The US was close to that back in the days. Maybe it was just nostalgia speaking but I felt a few decades ago, people were so much more "refined" and had respect for each others and themselves.

Then some people took advantage of that. And it devolved. Now we have a country where the presidential candidates insult each other live on TV with straight up lies and deception. And the people cheer on.

So yes, indeed we are having a breakdown of trust and a new paradigm is shifting in. Just that I don't think it is a good one.



The US might be much closer to an authoritarian lurch than 20 or 30 years ago, but don't romanticize the recent past. My understanding is that polls around the time of the Kent State massacre... Where unarmed students were shot in the back by the military for the crime if protesting the Vietnam war... had almost 50% of the population supporting the military and saying the kids had it coming. Nixon had tons of support right until he resigned. There was never any level of social cohesion, the divisions just hadn't metastasized yet


It's a hard thing to accept that in the arch of history our current times aren't as unique as they seem.

Even times like this occurring in a world that has the power to self-destruct isn't unique.

What is unique is the speed at which information travels.


True, I don't believe the world has ever evolved this fast before.


I think the problem is seeking social cohesion to begin with, and seeing the US government as the tool that controls it. I think historically people had a much greater sense of distinct social spheres and political spheres.


Like a documented Tiananmen Square massacre ...

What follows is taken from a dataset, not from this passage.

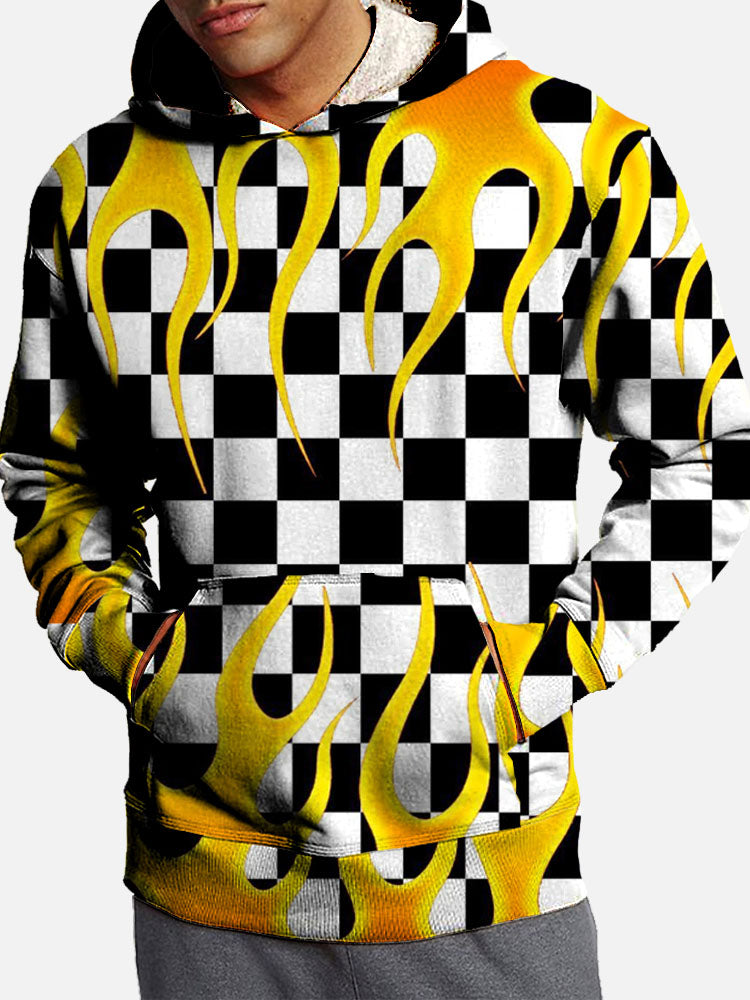 Checkerboard And Vogue Fire Flame Pattern Printing Hooded Sweatshirt
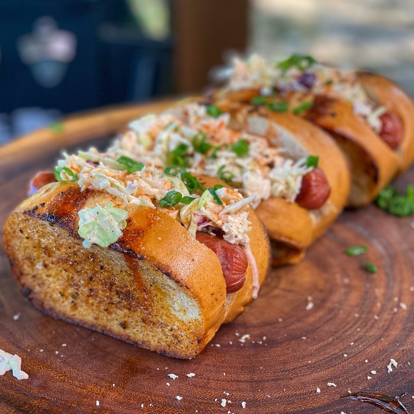 Place a hot dog in each bun. Top with coleslaw and drizzle with the hot honey sauce. Sprinkle diced green onions on top and enjoy!

The trust was built on basking in the glory of WW2's victory and fear of nuclear annihilation. Maybe part of it too was the quality of life for 80+% of the generation was better than their parents in clear ways beyond "our TVs are better."

The first two I'd like to avoid something analogous for a new order based on trust, but maybe the last one we can bring back if our leaders start to have a larger vision beyond focus on GDP, Stock Market returns, inflation, and unemployment rates.


Top bracket taxed at 90%. Wealth disparity not at worse than 1920's levels as it is currently.


"The good old days" is a worn trope, but there may be a point.

Women's employment and/or compensation in the United States peaked approximately two decades ago, and has since declined. Xi Jingping wasn't China's dictator yet, so China was a bit more free. Crimea hadn't been annexed yet, and Russians had much more access to the internet. The alt-right was still in its infancy. Brexit hadn't happened yet.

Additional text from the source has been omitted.